#### DATASET EXCERPTS:
==================================================
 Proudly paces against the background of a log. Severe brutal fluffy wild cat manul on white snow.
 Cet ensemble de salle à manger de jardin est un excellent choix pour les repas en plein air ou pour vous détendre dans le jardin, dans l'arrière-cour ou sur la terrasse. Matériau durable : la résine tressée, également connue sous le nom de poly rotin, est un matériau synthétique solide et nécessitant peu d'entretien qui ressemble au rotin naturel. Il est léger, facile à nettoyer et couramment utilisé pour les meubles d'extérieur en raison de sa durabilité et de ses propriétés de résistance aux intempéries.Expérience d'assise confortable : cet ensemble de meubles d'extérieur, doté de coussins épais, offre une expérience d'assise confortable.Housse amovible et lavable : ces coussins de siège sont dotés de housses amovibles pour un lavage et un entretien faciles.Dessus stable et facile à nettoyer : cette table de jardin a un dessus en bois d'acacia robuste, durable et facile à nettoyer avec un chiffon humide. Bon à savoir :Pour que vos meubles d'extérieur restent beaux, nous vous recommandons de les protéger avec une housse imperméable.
==================================================
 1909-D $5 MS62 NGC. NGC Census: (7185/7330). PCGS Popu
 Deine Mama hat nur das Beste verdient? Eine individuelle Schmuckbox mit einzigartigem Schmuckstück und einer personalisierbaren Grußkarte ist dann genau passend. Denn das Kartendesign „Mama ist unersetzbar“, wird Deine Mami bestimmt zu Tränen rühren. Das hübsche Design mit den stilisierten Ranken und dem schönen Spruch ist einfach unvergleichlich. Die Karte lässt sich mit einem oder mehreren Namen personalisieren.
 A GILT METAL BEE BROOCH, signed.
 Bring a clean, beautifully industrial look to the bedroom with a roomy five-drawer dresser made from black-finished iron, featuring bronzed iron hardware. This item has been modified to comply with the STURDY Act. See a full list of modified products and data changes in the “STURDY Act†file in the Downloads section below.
==================================================
#### WHAT THIS TASK INVOLVES:
In the listing above, locate the line containing "Proudly paces against" and the line containing "Cet ensemble de salle", then transcribe both and every line between them verbatim.

#### OUTPUT:
 Proudly paces against the background of a log. Severe brutal fluffy wild cat manul on white snow.
 Cet ensemble de salle à manger de jardin est un excellent choix pour les repas en plein air ou pour vous détendre dans le jardin, dans l'arrière-cour ou sur la terrasse. Matériau durable : la résine tressée, également connue sous le nom de poly rotin, est un matériau synthétique solide et nécessitant peu d'entretien qui ressemble au rotin naturel. Il est léger, facile à nettoyer et couramment utilisé pour les meubles d'extérieur en raison de sa durabilité et de ses propriétés de résistance aux intempéries.Expérience d'assise confortable : cet ensemble de meubles d'extérieur, doté de coussins épais, offre une expérience d'assise confortable.Housse amovible et lavable : ces coussins de siège sont dotés de housses amovibles pour un lavage et un entretien faciles.Dessus stable et facile à nettoyer : cette table de jardin a un dessus en bois d'acacia robuste, durable et facile à nettoyer avec un chiffon humide. Bon à savoir :Pour que vos meubles d'extérieur restent beaux, nous vous recommandons de les protéger avec une housse imperméable.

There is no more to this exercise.